# Coursera/IBM 
# Applied Data Science Capstone Project 
## The Battle of Neighborhoods: Opening an Italian Restaurant in Paris


*****

## Table of contents
* [Introduction: Project & Background](#introduction)
* [Data](#data)
* [Methodology](#methodology)
* [Analysis](#analysis)
* [Results & Discussion](#results)
* [Conclusions](#conclusions)

******

## Introduction: Project & Background <a name="introduction"></a>

In this Notebook, we'll attempt to find the best suggestions of locations to open an Italian Restaurant in Paris.

Of course, this is no easy task and the final decision should be made after further on-site investigation, but with some data we can already reduce the area to check to a handful of locations.

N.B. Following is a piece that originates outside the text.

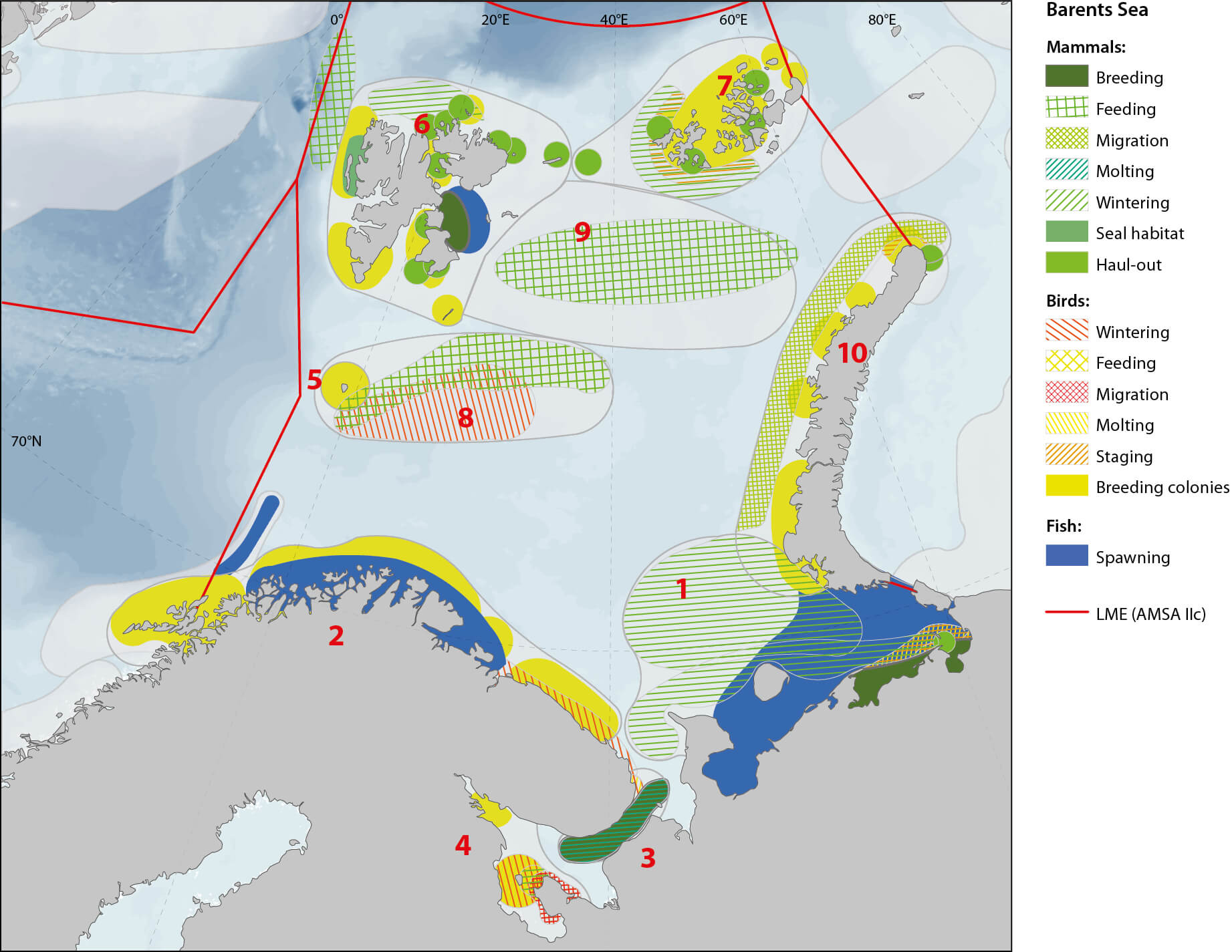 Figure 6.8 Ten areas of heightened ecological significance in the Barents Sea LME (AMAP/CAFF/SDWG, 2013).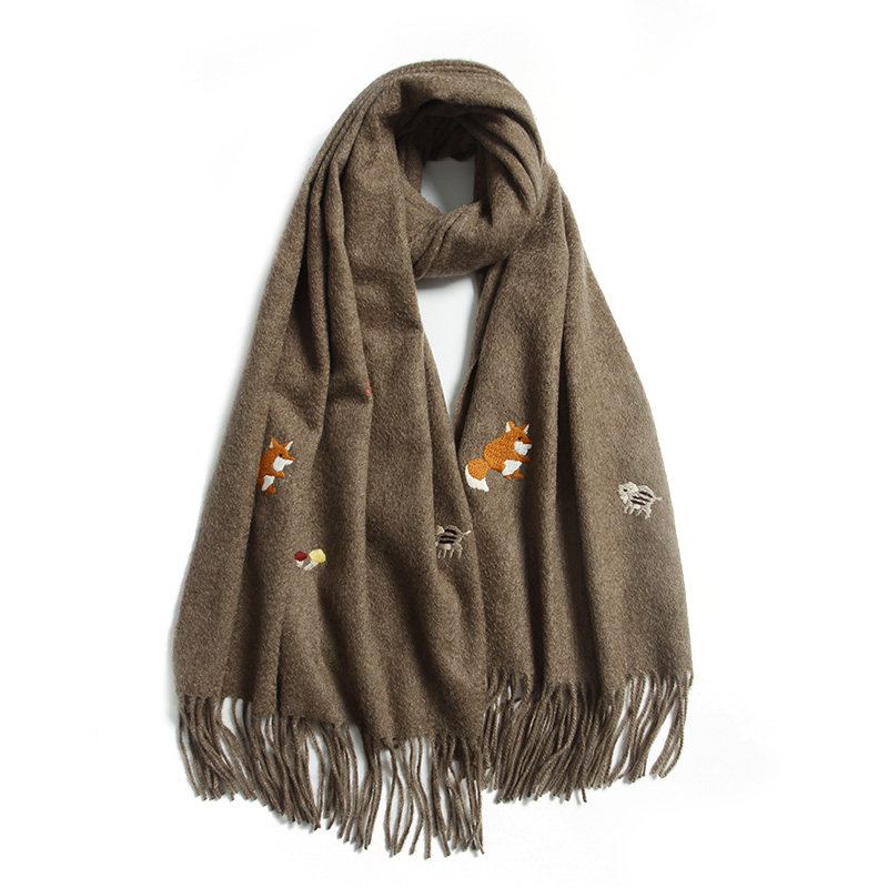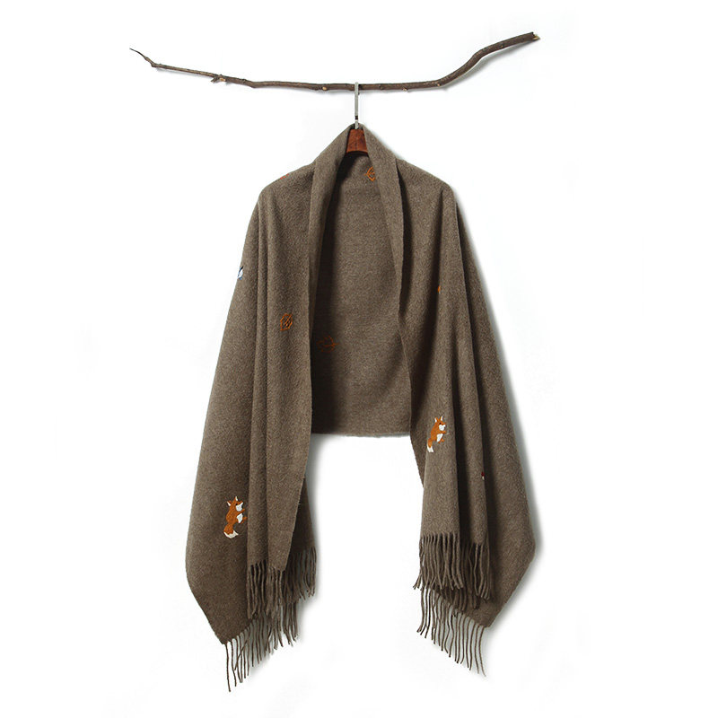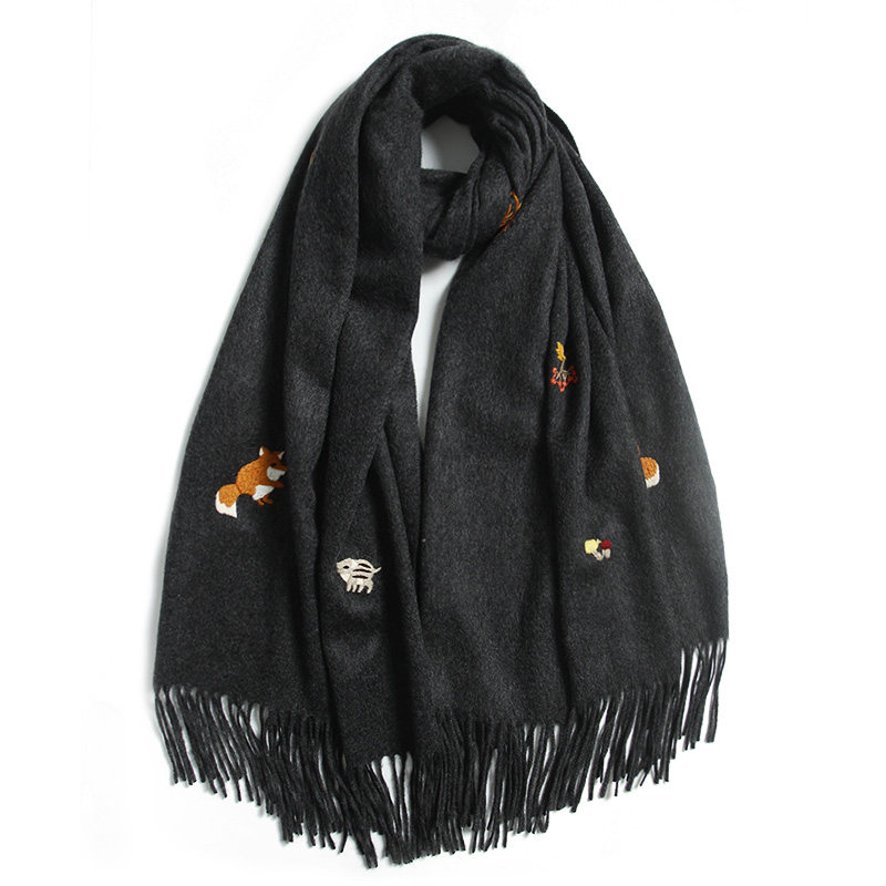 Yingmei hand-embroidered 100% pure cashmere scarf women's autumn and winter shawl multi-functional long version thickened and warm

This analysis will be based on the following assumptions:

- Areas in which the restaurant density is very low will not be considered as good spots: indeed, if one could assume that they represent a gap to fill (which might be true!) they are most likely empty for a reason - e.g. prohibitive prices, protected or historical areas, etc.


- It is better to open an italian restaurant in neighborhoods where Italian Restaurants are among the most popular as this implies a demand for this type of food.

- However the new italian restaurant should be as far as possible from the existing ones as clients might prefer the venues they are used to.


- Even though french and italian cuisines are very distinct, they are usually enjoyed in a similar way: both french and italian food lovers will tend to sit for quite a while, taking their time to enjoy a good meal, as opposed to other types of food that can be enjoyed on the go. As a consequence, we will favour areas with many french restaurants, as they will mainly attract clients that would enjoy italian food as well.




******
## Data <a name="data"></a>

For this analysis, we will need to get data regarding Paris' arrondissements (i.e. neighborhoods):
- their shape
- their center

This will allow us to map our findings, gather data on nearby venues and frame potential clusters.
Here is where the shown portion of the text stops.